- WORK REQUEST
Using the listing below, print exactly everything from the line with "Das Highlight unserer" down to the line with "For Airtag Genuine", both included, and nothing more.

- DATA EXTRACT
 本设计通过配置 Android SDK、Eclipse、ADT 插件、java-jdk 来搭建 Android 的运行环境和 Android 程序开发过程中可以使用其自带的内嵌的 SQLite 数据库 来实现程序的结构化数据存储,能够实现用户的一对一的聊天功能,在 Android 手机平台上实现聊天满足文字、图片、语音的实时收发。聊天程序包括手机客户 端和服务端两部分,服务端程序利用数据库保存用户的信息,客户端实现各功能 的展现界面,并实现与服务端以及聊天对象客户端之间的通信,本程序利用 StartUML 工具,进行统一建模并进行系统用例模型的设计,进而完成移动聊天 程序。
---
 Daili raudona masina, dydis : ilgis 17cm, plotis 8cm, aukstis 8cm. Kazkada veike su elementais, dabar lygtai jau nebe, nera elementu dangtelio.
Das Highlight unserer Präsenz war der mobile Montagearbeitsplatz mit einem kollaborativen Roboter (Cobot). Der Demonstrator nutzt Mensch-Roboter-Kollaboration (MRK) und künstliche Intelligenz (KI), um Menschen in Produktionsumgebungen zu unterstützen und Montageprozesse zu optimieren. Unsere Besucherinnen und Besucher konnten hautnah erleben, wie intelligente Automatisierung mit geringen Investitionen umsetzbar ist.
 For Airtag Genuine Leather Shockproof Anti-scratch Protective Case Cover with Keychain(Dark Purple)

- ANSWER BOX
Das Highlight unserer Präsenz war der mobile Montagearbeitsplatz mit einem kollaborativen Roboter (Cobot). Der Demonstrator nutzt Mensch-Roboter-Kollaboration (MRK) und künstliche Intelligenz (KI), um Menschen in Produktionsumgebungen zu unterstützen und Montageprozesse zu optimieren. Unsere Besucherinnen und Besucher konnten hautnah erleben, wie intelligente Automatisierung mit geringen Investitionen umsetzbar ist.
 For Airtag Genuine Leather Shockproof Anti-scratch Protective Case Cover with Keychain(Dark Purple)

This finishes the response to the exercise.